Since $0° \leq \varphi \leq 180°$, the sign of $\cos\varphi$ determines whether the angle is acute, right, or obtuse.

Find the angle between $\vec{a} = (3, 4)$ and $\vec{b} = (-4, 3)$.

Solution. Compute the dot product:

$\vec{a} \cdot \vec{b} = 3 \cdot (-4) + 4 \cdot 3 = -12 + 12 = 0$

Since $\vec{a} \cdot \vec{b} = 0$ and both vectors are nonzero, the vectors are perpendicular.

Answer: $\varphi = 90°$. $\blacktriangleleft$

Find the angle between $\vec{p} = (1, \sqrt{3})$ and $\vec{q} = (2, 0)$.

Solution.

$\vec{p} \cdot \vec{q} = 1 \cdot 2 + \sqrt{3} \cdot 0 = 2$

$|\vec{p}| = \sqrt{1 + 3} = 2, \qquad |\vec{q}| = \sqrt{4 + 0} = 2$

$\cos\varphi = \dfrac{2}{2 \cdot 2} = \dfrac{1}{2}$

Therefore $\varphi = 60°$.

Answer: $\varphi = 60°$. $\blacktriangleleft$

Given $\vec{a} = (5, -2)$ and $\vec{b} = (4, 10)$.

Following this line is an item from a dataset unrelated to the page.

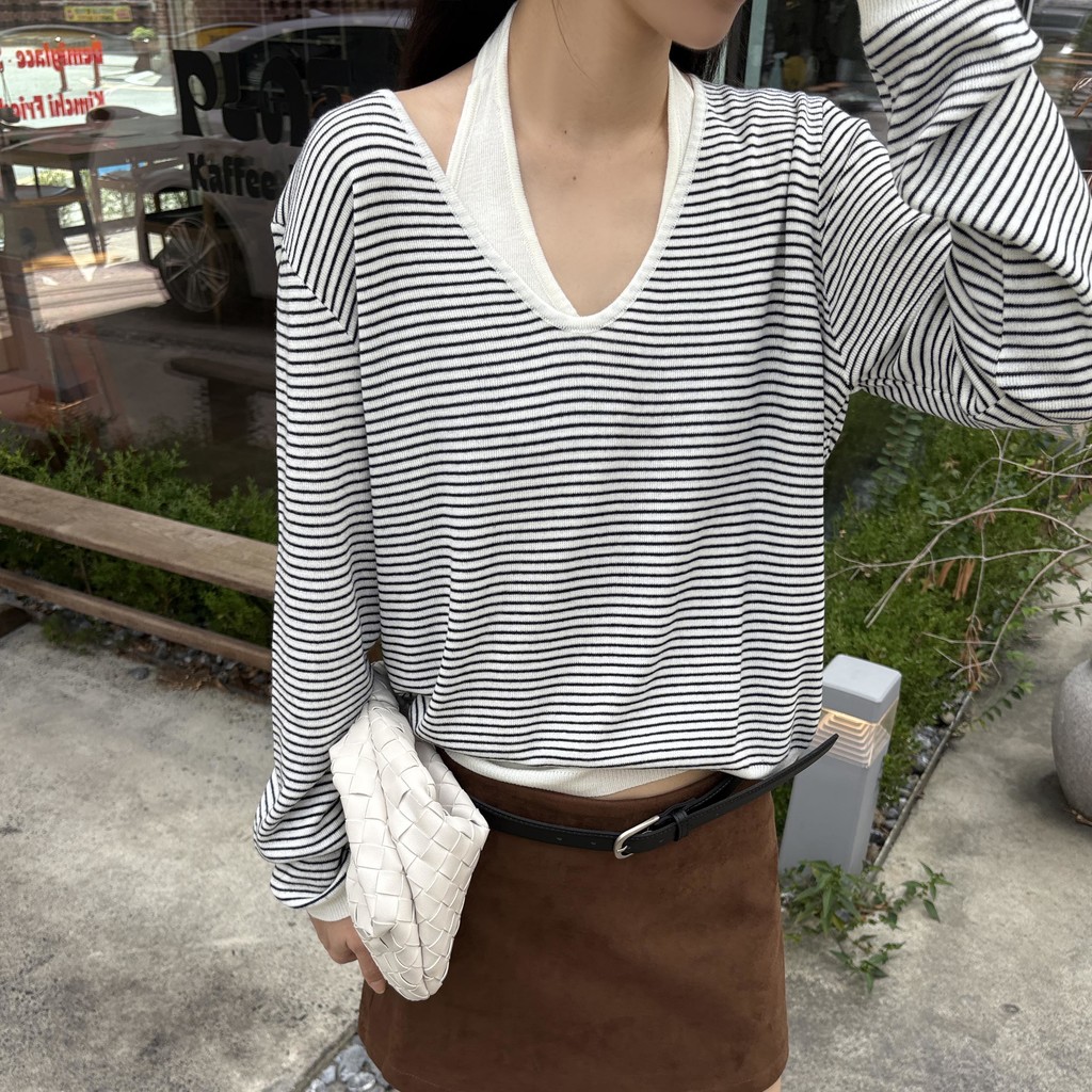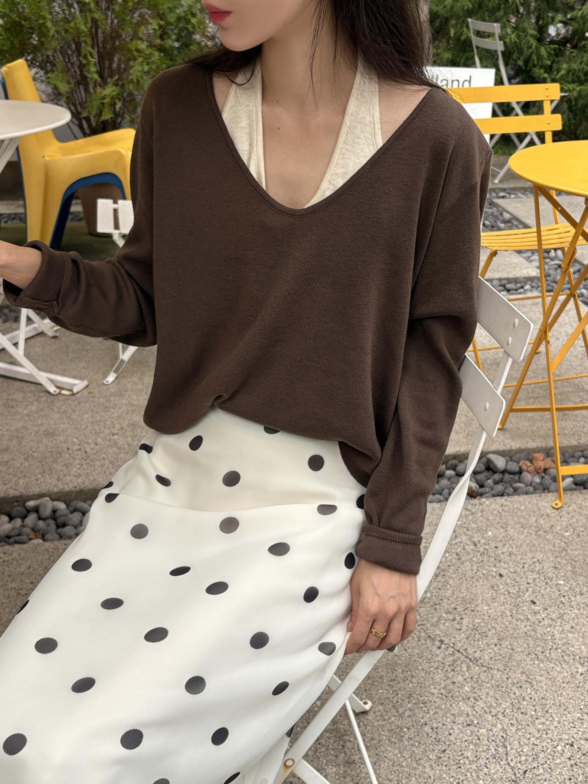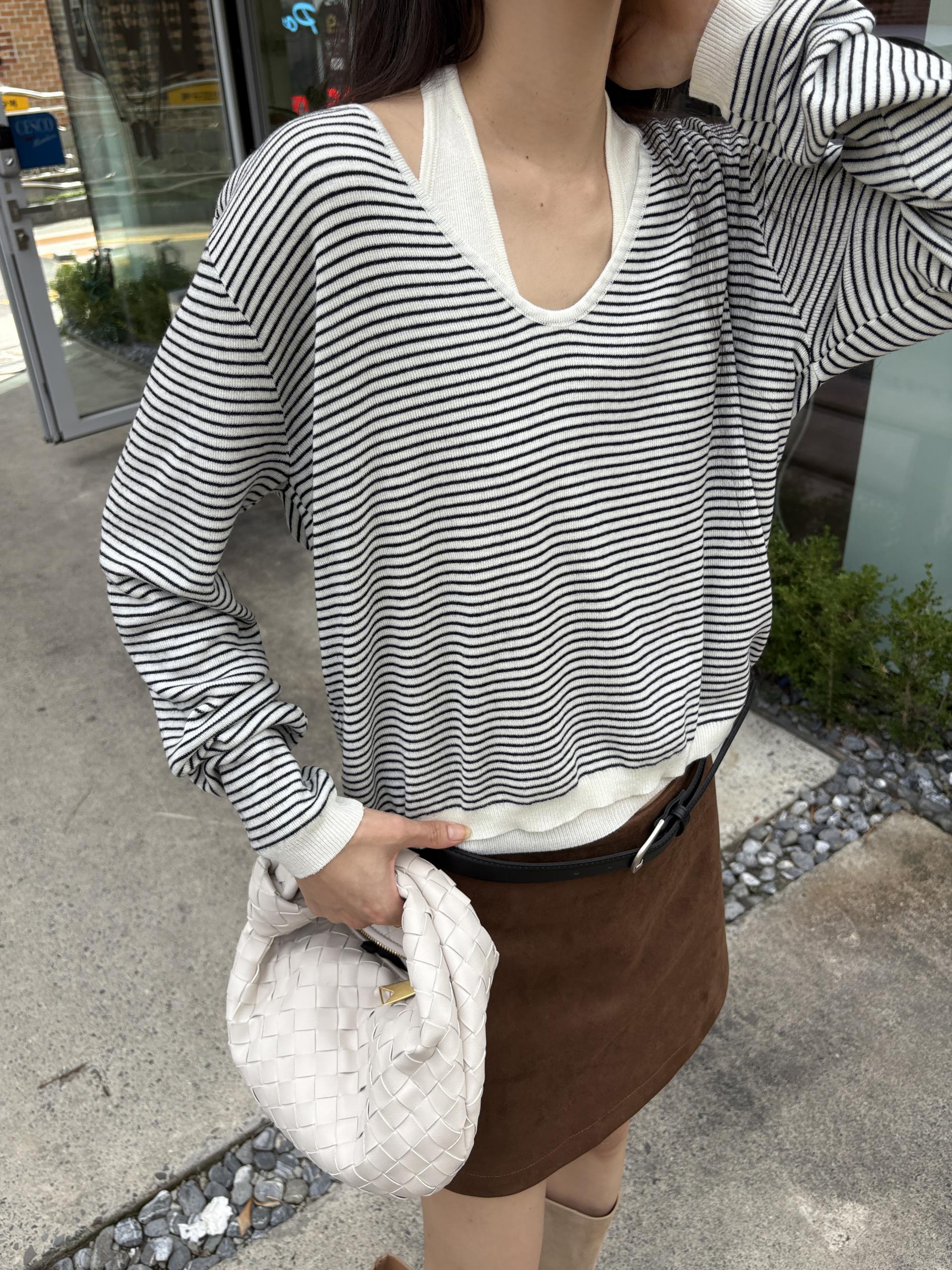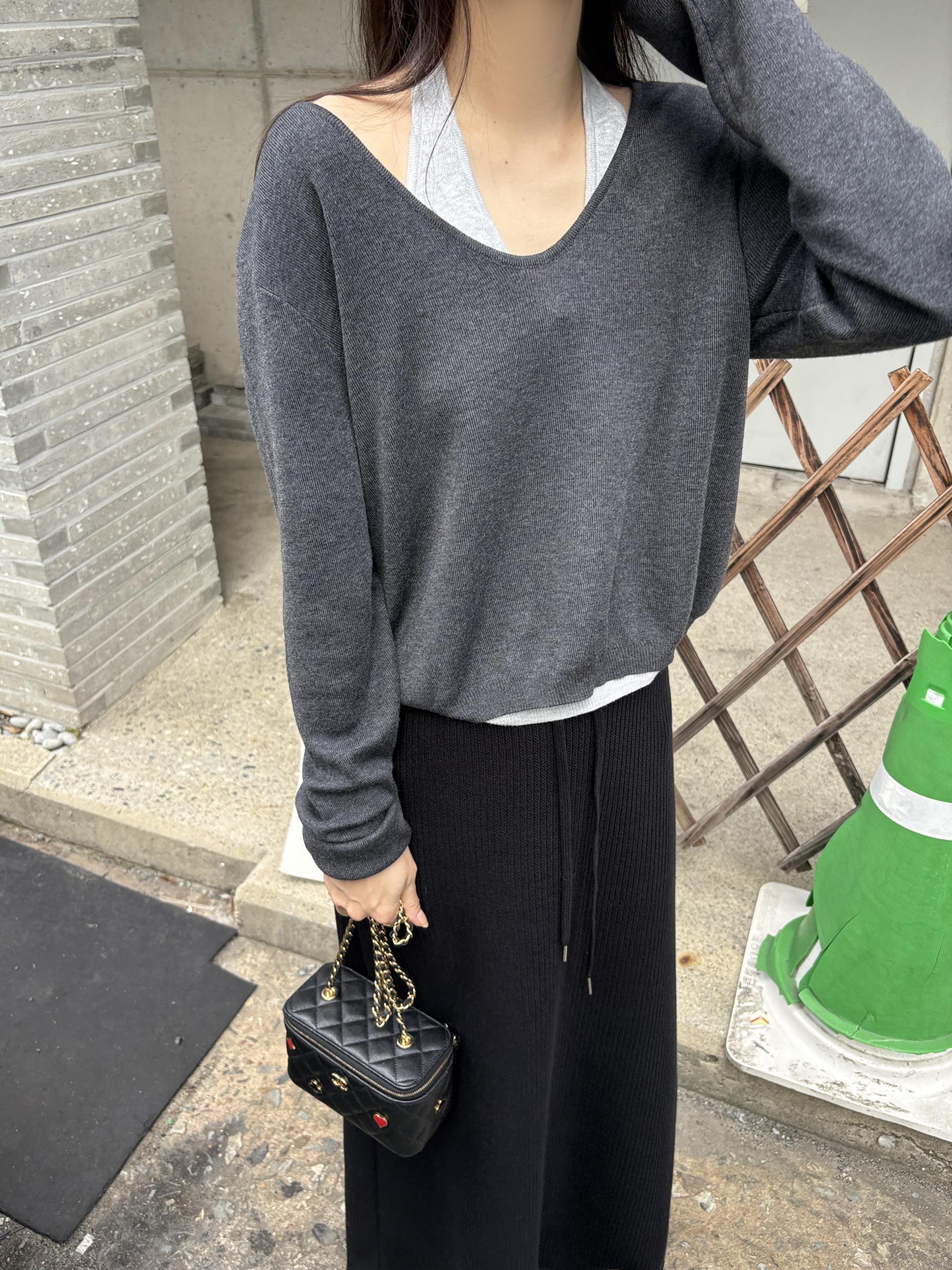 홀터넥 니트 나시와 브이넥 니트를 레이어드한 듯한 디자인의 루즈핏 긴팔 니트입니다.

(a) Compute $\vec{a} \cdot \vec{b}$. (b) Are $\vec{a}$ and $\vec{b}$ perpendicular? Justify your answer. (c) Find $|\vec{a}|$ and $|\vec{b}|$.

Given $\vec{u} = (3, -4)$ and $\vec{v} = (m, 6)$ where $m$ is unknown.

(a) Find the value of $m$ for which $\vec{u} \perp \vec{v}$. (b) For the value of $m$ found in (a), find the angle $\varphi$ between $\vec{u}$ and $\vec{u} + \vec{v}$.

Hint: For (b), use the coordinate formula for the dot product with $\vec{u}$ and $\vec{u} + \vec{v}$.